Twenty7Tec releases its Mortgage Market Report for July 2021

Leading mortgage technology provider, Twenty7Tec, has released its monthly mortgage market report for July 2021.

Key findings in July include:
  • 6%*Purchases as a proportion of the mortgage market in July 2021 (remortgages = 36.4%). *Excluding product transfers.
  • 2%Growth in products available as of July 31, 2021, versus products available as of June 30, 2021.
  • 7%Increase in July 2021 remortgage volumes compared to May 2021.
  • -7.8%First time buyer search volumes in July 2021 versus June 2021.
  • 5%First time buyers as a percentage of all mortgage searches in July 2021.
  • -4.9%Change in July mortgage searches in the £150k – £250k valuation bracket versus June 2021 (despite the ongoing stamp duty relief in this price range).
  • 75The long-term average mortgage searches per ESIS document produced.
  • 13,974Mortgage products available at the end of July 2021.
James Tucker, CEO of Twenty7Tec, commented:

“Finally, a much-needed pause for all those working in the market. Volumes dropped slightly in July 2021 as minds turned from stamp duty holidays to summer holidays and the Euros. The market also appears ready to go again in September – with new products, improved rates, and innovation flooding into the market.”

Additional interesting market commentary

Products available and innovation: Nathan Reilly, Twenty7Tec, says:

“We are rapidly closing in on 14,000 mortgage products available in the market. That’s still at only 70% of products available in February and March 2020, but it’s a huge leap forward from the lows of April and May 2020, when under 10,000 products were on the market. It’s a sign of confidence in the market.

“I think that we’ll see more product innovation over coming months. Until just recently, lenders were predominantly focused on steadying the ship and now they are turning their minds to differentiation and innovation, particularly when rates are so competitive. Among other lender innovations we’re seeing, one trend is the introduction of more eco mortgages and it’s likely these will only increase in popularity over the coming months.” 

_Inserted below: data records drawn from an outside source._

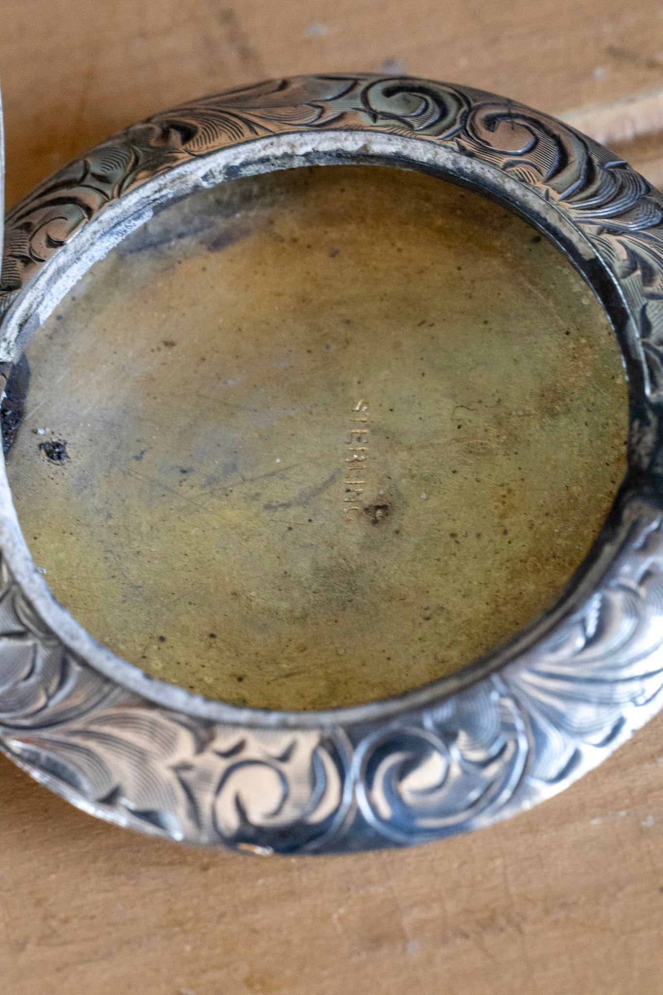 An exquisite original 1920s sterling silver powder compact, beautifully crafted during the glamorous Art Deco era. The round case features intricate hand-engraved floral scrollwork with a classic monogram-style center cartouche, interior has a gold gilt. Compact is 2" diameter. In very good condition-hinge is tight, clicks shut.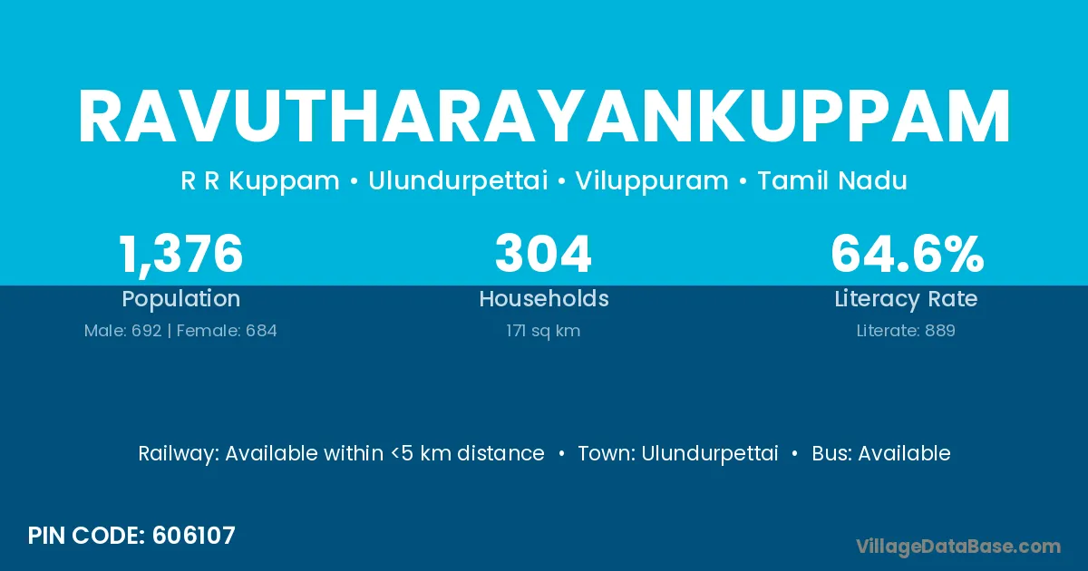 Ravutharayankuppam village has a total population of 1,376 people, of which 692 are males and 684 are females.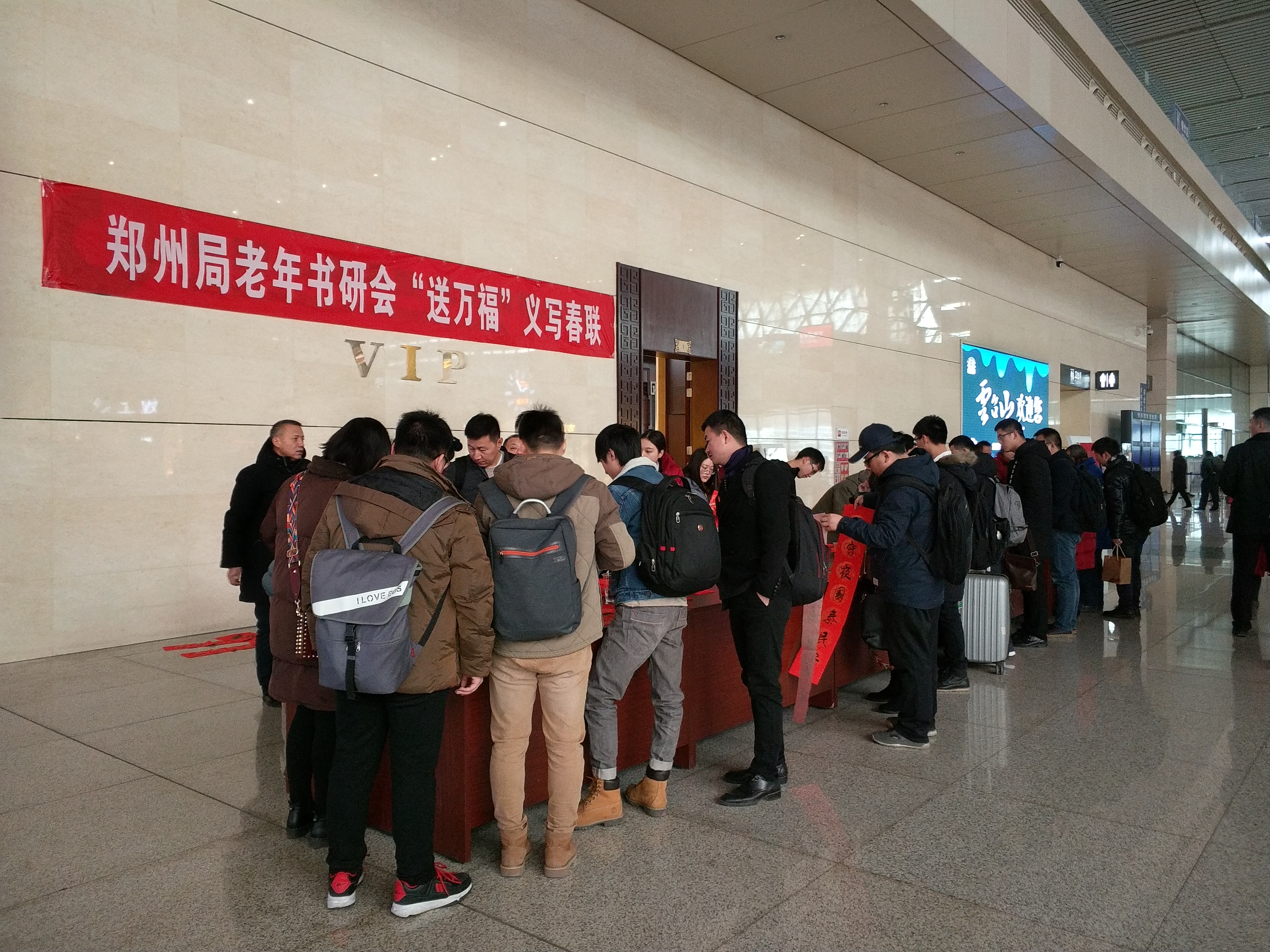 郑州铁路局集团老年书研会免费为旅客写春联送祝福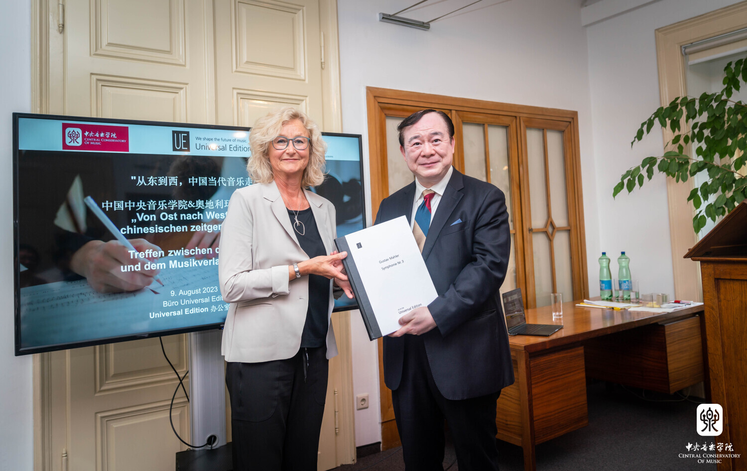 在见面会上,UE社长阿斯特丽德·科布莱克女士作了热情洋溢的致辞。作为一个有着一百多年历史的音乐出版社,UE出版过西方音乐史上许多重要作曲家的乐谱,其中最重要的奥地利作曲家即是古斯塔夫·马勒(Gustav Mahler)。科布莱克女士表示,UE与星空彩票ios版中心版的战略合作有重要意义,是UE面向未来发展音乐出版行业的重要举措。UE将在三年内每年出版15位星空彩票ios版中心版作曲家创作的新作品,并出版其乐谱,同时向各大音乐机构推介中国作曲家。
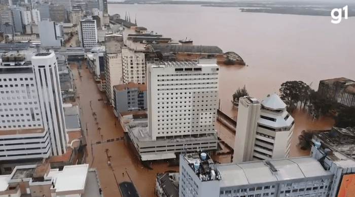 Nesta sexta-feira (3), o Rio Guaíba transbordou na capital, ultrapassando a cota de inundação. Segundo o governo do estado, a previsão é que a água atinja os 5 metros de altura, um nível histórico na cidade.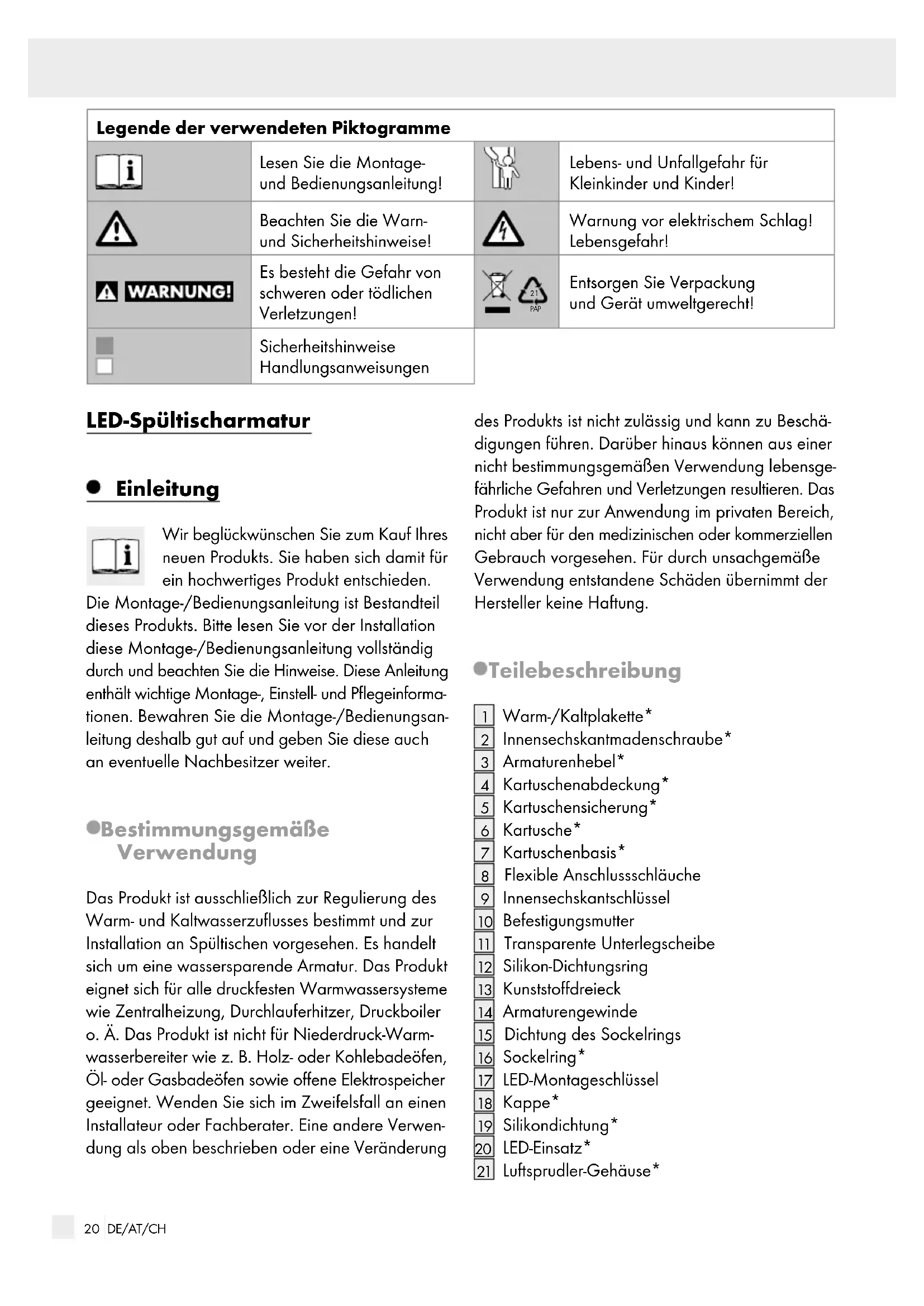PAP Entsorgen Sie Verpackung und Gerät umweltgerecht! Sicherheitshinweise Handlungsanweisungen LED-Spültischarmatur Einleitung Wir beglückwünschen Sie zum Kauf Ihres neuen Produkts. Sie haben sich damit für ein hochwertiges Produkt entschieden. Die Montage-/Bedienungsanleitung ist Bestandteil dieses Produkts. Bitte lesen Sie vor der Installation diese Montage-/Bedienungsanleitung vollständig durch und beachten Sie die Hinweise. Diese Anleitu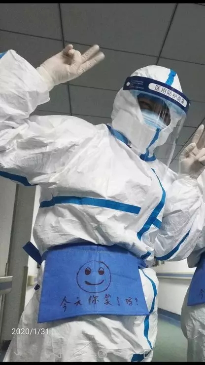 46歲的金銀潭醫(yī)院南四病區(qū)護士長吳靜,給科室護士腰間藍色袋子畫的笑臉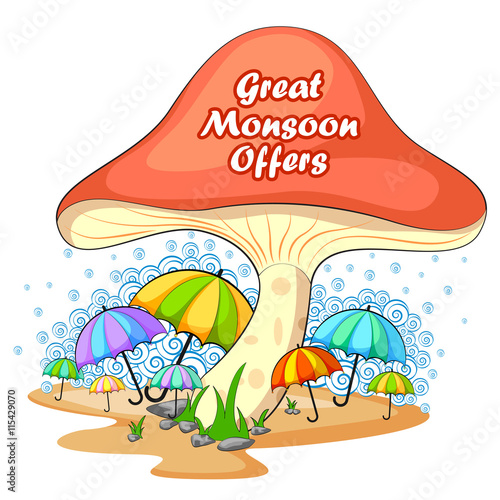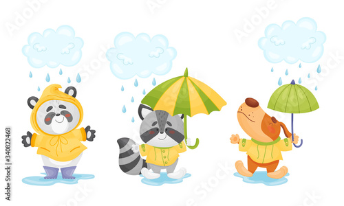 Rainy autumn vector flat style design illustration. Umbrella, rubber boots, clouds, pumpkin, acorns, mushrooms, leaves, cup of tea with lemon. Autumn composition for web banner, website page etc.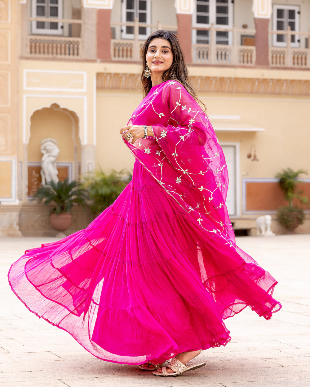 Embrace the sartorial elegance in our pink chiffon lehenga set. Crafted with finesse, our 3-piece sumptuous ensemble features a round neck solid blouse with tassels, a tiered skirt, and a stunning gota ornated dupatta. This contemporary fit is ideal for wedding festivities.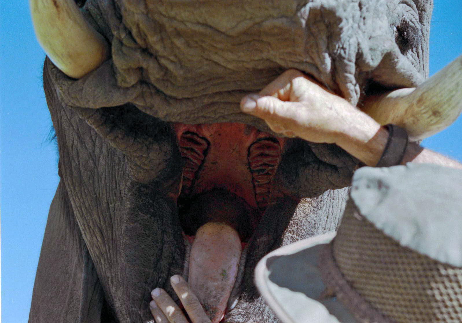 Both male and female African elephants grow tusks – the largest upper incisors on this planet. Their tusks grow every which way: up and curved, or down and straight, up and straight, or down and curved – the variations are endless. Some tusks are thin; others fat. Some are short and puny; others long and magnificent.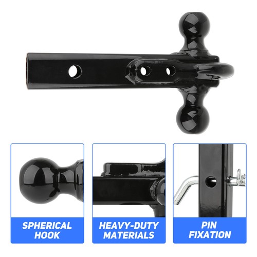 ▲ Features: MULTIPURPOSE: The 2" Three-Ball Trailer Hitch can be used for a variety of vehicles,RVs, cargo trailers, livestock trailers, farm trailers, off-road vehicles and more. the Triball Mount is suitable for 3 different hitch and trailer sizes,easy switch and install. SAFETY FEATURES: Safety is always a top priority when it es to towing,The Trailer 3-Ball Mount attached pin can firmly fix the traction hook and receiver, not easy to fall off that this hitch will last for years to e and keep you safe on the road. CORROSION RESISTANT: The 2 Inch Tri- Ball Hitch is made of high-quality steel, heavy-duty welded construction, made of black powder-coat,electroplating,dust-proof,rust-proof and corrosion-resistant for added durability.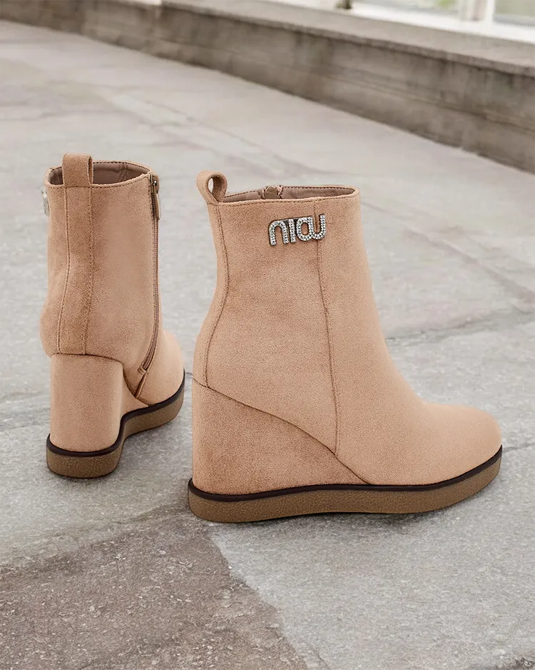 - Elegante Damenstiefel auf Ankern, hergestellt aus Öko-Wildleder. Die Schuhe sind innen mit Fell gefüllt. Eine perfekte Wahl für den Herbst!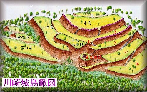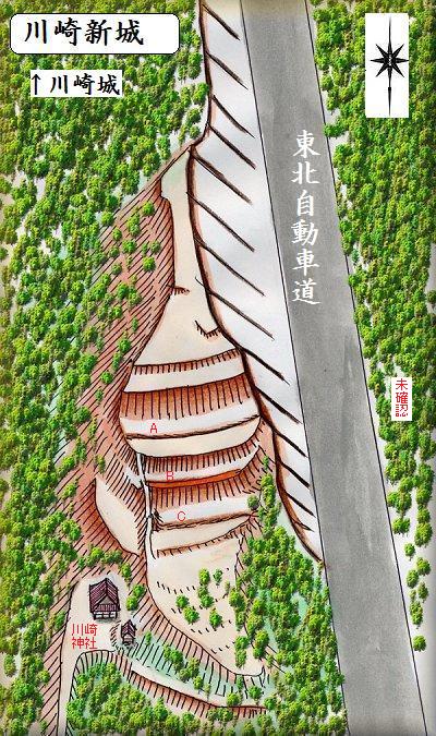 川崎城は、現在川崎城跡公園となっているので、場所はすぐ分かる。近くまで行くと、目立つ四つの看板で「川」「崎」「城」「跡」と示してあるので、これを目的にしていけばすぐ分かるであろう。比高30mほどの台地である。鳥瞰図は西側上空から見た所。ちょうど手前の森の辺りに東北自動車道が南北に通っている。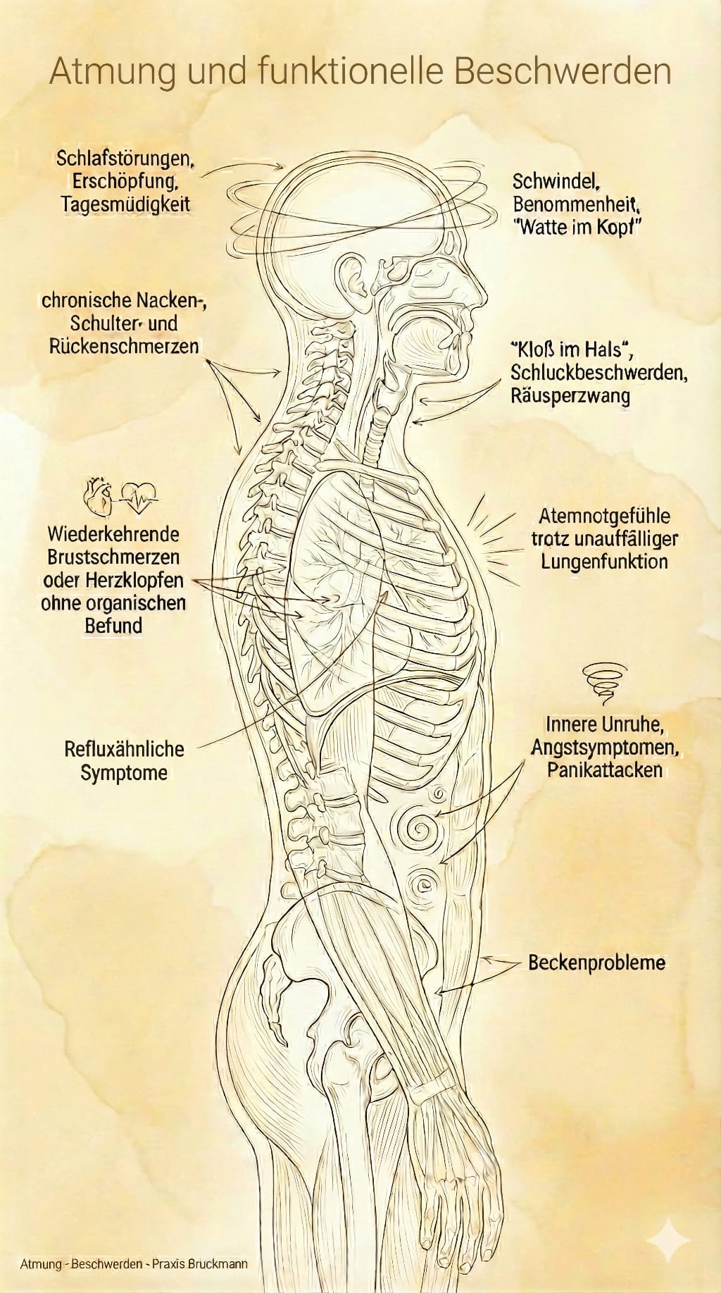 Atmung: Funktionelle Beschwerden - Praxis Bruckmann 2026Wir zeigen, wie man funktionelle Atemstörungen erkennt und welche Behandlungsmöglichkeiten es gibt, z. B. durch gezieltes Atemtraining und manuelle Therapie (u. a. Pohltherapie®). Wie hängen Atmung, Muskel‑ und Faszienspannung, Nervensystem und Stress zusammen – und warum verstärkt „falsches“ Atmen viele Beschwerden wie Nacken‑, Rücken‑, Brustschmerzen, Erschöpfung oder sogar Angstgefühle.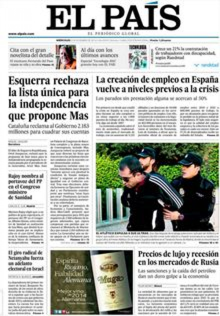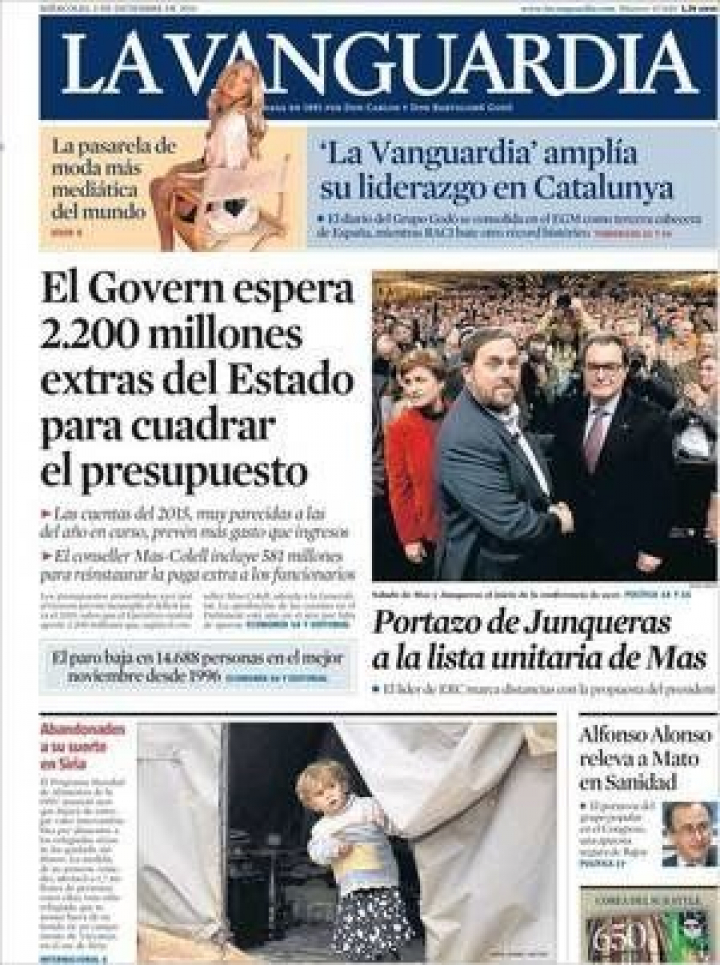 El líder de ERC "tiene prisa para que Mas adelante las elecciones, analiza Isabel García Pagan en La Vanguardia, porque ve vida más allá del escrutinio, mientras que para Mas se trata de la última oportunidad". El president, que asistió anoche a la conferencia de Junqueras, escuchó como desgranaba un plan que "está en las antípodas" del suyo, señala El Periódico, que recoge la confidencia hecha por Mas a Marta Rovira: "Yo aplaudo por educación, pero hago enmienda a la totalidad". Uno de los motivos de Esquerra es que un punto único, la independencia, en una lista única dejaría al resto de formaciones asuntos sensibles como la crisis y la corrupción. Es paradójico, por tanto, que Esquerra haya impedido que Mas comparezca en la comisión parlamentaria sobre "el caso Pujol" argumentando que la figura del president de la Generalitat en ejercicio es "inviolable", como señala El Paísen un editorial. Esquerra tampoco apoya un presupuesto que "reclama al Gobierno (central) 2.200 millones" y que para Màrius Carol es un "brindis al sol" porque tampoco el PSC le dará su respaldo pese a que "prevé un gasto social como el de hace una década".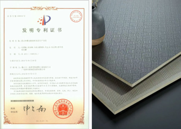 ▲《香云紗雅光釉瓷磚及其生產(chǎn)方法》發(fā)明專利

Improved confidence: Nathan Reilly, Twenty7Tec, says:

“There’s been some positive movements from specialist lenders in recent weeks, with the introduction of more high-LTV mortgages and the general expansion of product ranges, which is a really encouraging sign for the entire market. This feeling of confidence has also been increased by the introduction of some sub 1% mortgages that been launched in recent times.

“There seem to be fewer nerves around the state of the employment market – although the end of October will see two million people move off furlough, so it’s possible that that will affect things a little.

“I think it’s fair to assume that lenders have been busy adapting their underwriting to address the changed market conditions. Performance-based roles like airlines pilots (hours flown) and landlords (pub revenues) have seen their livelihoods affected by the downturn and their ability to get a mortgage may well have changed as a result. More broadly, it’s fair to assume that for many people who can now work at work and no longer pay to commute, that what they can afford had improved as a result.”

Phil Bailey, Director at Twenty7Tec, says:

“We should note the complete absence of the cliff edge when the main stamp duty relief ended. One of the most pleasing elements for me was quite how quickly things have returned to seasonal norms in the mortgage world. That means that the Chancellor looks to have judged the soft landing just right after 18 months of fluctuations.

“The return to seasonal trends is a good thing for our industry. It means that brokers and intermediaries can finally take a break.”

The October market: Nathan Reilly, Twenty7Tec, says:

“Lots of landlords are reviewing their portfolios at the moment and considering the benefits of the stamp duty tapering and competitive rates that are on offer. It’s likely the buy to let market will remain strong from both a purchase and remortgage perspective, which presents a big opportunity to intermediaries.

A fully functioning market: Phil Bailey, Director at Twenty7Tec, says:

“First time FTB searches have dropped 20% since Feb 2021 and are at their lowest levels since November 2020. To have a fully functioning housing and mortgage market, we need both significant buy to let and first time buyer activity. Buy To Let is increasingly important for the lower valuation end of the market as first-time buyer interest shrinks slightly.”

Higher volumes at higher prices: Phil Bailey, Director at Twenty7Tec, says:

“In July 2021, we saw a drop in search volumes for all house prices under £500k, but a slight rise in volumes for properties from £500k-£1m and £1m+.”

The Euros: Nikki Cooke, Twenty7Tec, says:

“The Euros made a real difference to the volume of business being done. The times of day that people searched for mortgages varied and brokers’ working patterns worked around 5pm kick offs. Using good data means that brokers and intermediaries can plan for what this means for their business in relation to major events.”